The Committee of Intelligence of the Senate, of Republican majority, maintains that Russia interfered in the presidential elections of 2016 with the purpose of favoring the victory of Donald Trump, a thesis that aligns with one of the services of intelligence of the United States but that collides with the one raised just two months ago by the Republicans of the other House of Congress, that of Representatives.

Two months ago, the conservatives issued their own report - without the support of the Democrats - in which they exonerated the Republican president of any connotations with the Kremlin and, moreover, rejected the idea that Moscow's goal was to help the New Yorker to get to the White House. The statement released this Wednesday by the other committee, however, has support from both parties.

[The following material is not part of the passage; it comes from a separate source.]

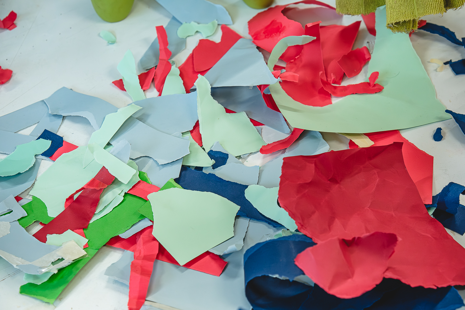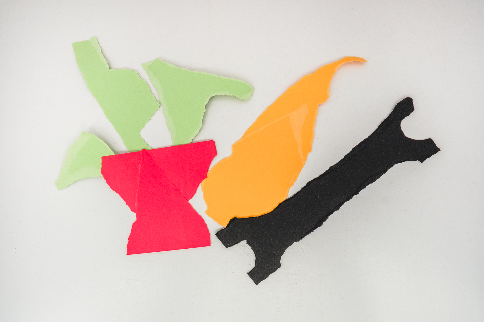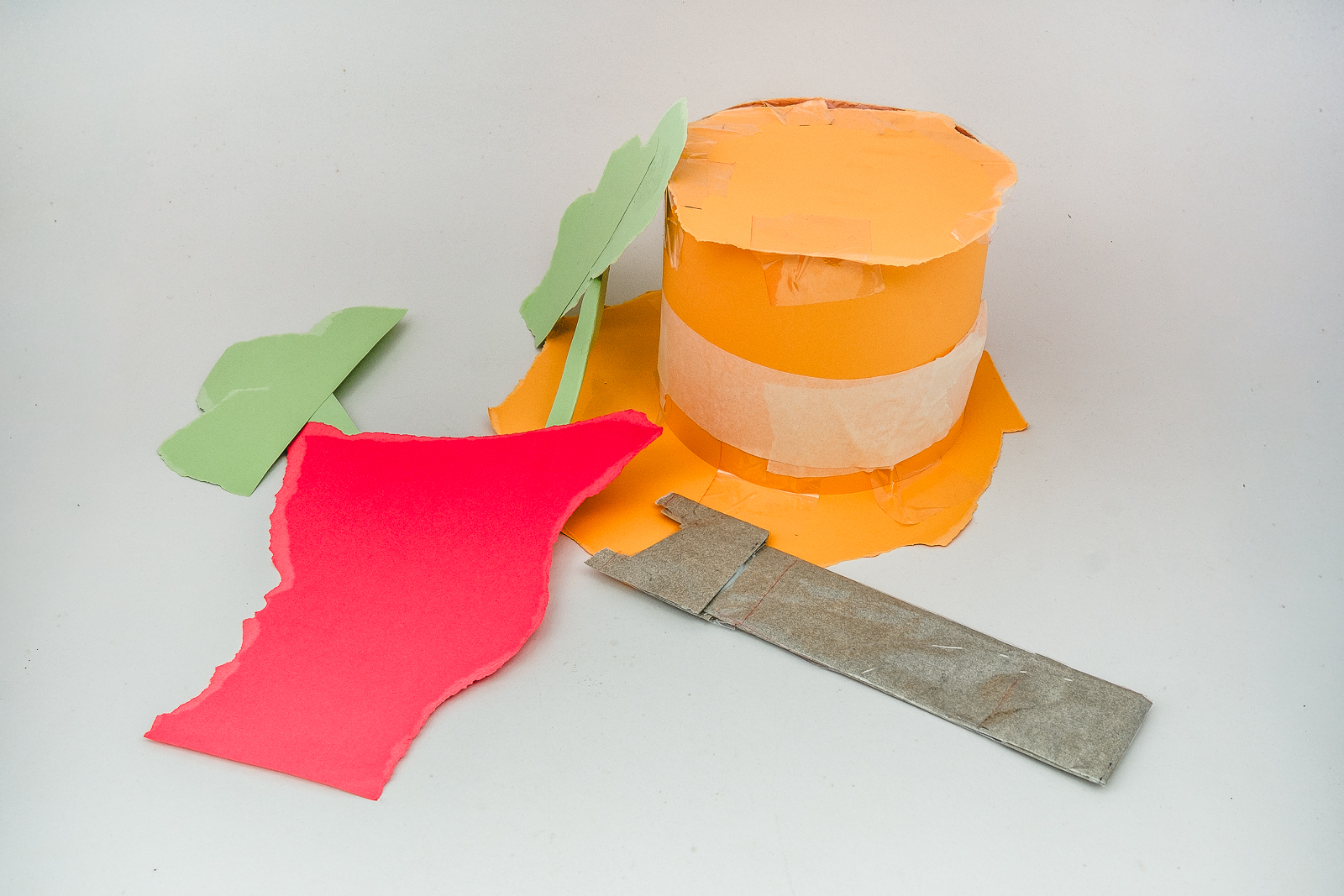 In this experience, observational drawing and the concepts of form and volume were explored using only colored paper, hands, and glue. Folding, tearing, piercing, gluing, and assembling became creative gestures, giving rise to compositions and small sculptural forms—without the use of conventional materials such as pencils, brushes, or paint.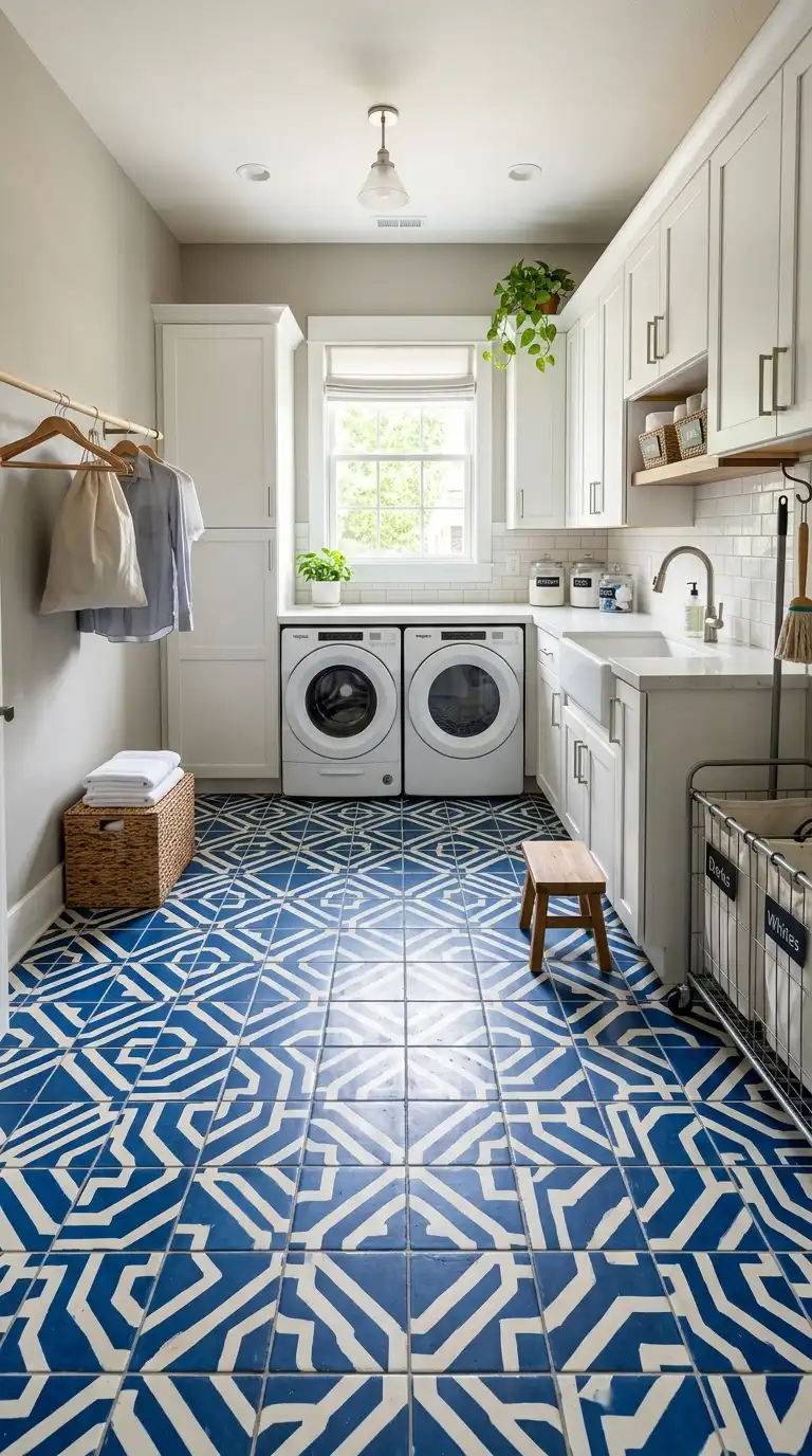 Blue patterned tile adds a fresh, coastal feel to a laundry room. Choose a pattern with navy, cobalt, or light blue tones. Use it on the floor or as a backsplash. Pair with white cabinets and natural wood accents. Blue tile works well in coastal, farmhouse, and cottage laundry rooms.

"Our staff has concluded that the findings [of the intelligence services] were accurate and correct," said Senate committee vice president Mark R. Warner in a joint statement with the president, Republican Sen. Richard Burr. The intelligence services took for granted in their report partially released in early 2017 that the Government of Vladimir Putin had tried to help the Republican to win the election to the detriment of Hillary Clinton. To carry out this interference, they conducted cyber-attacks, disseminated private emails from the Democrats and toxic propaganda for the former Secretary of State, according to their conclusions. But the role of Donald Trump Jr. has been crucial in the investigation.

The Senate Judiciary Committee released 2,500 pages of transcripts of the closed-door hearings of Donald Trump Jr. and other people who participated in June 2016, five months before the presidential election, in a meeting with a Russian lawyer in NY. In emails sent to Trump Jr. in which she agreed to hold the meeting, Natalia Veselnitskaya was introduced as a "Russian Government lawyer" who, as "part of Russia's support and its government to Trump," had compromising information about the Democrat Hillary Clinton. The meeting is one of the pillars of Mueller's investigation and the judicial committee itself, which has not yet announced its conclusions.

The published testimonies underpin Trump Jr.'s version that the meeting was a waste of time because the lawyer did not offer any relevant details about Clinton and instead demanded to change a law that restricts the adoption of Russian children in the US. But the transcription of the appearances feeds some of the suspicions around the case. For example, Trump Jr. admits that his father may have participated in the writing of a White House communiqué omitting that the meeting had been proposed as part of the Russian effort to help him in the election campaign. Mueller investigates if the note can suppose a crime of concealment.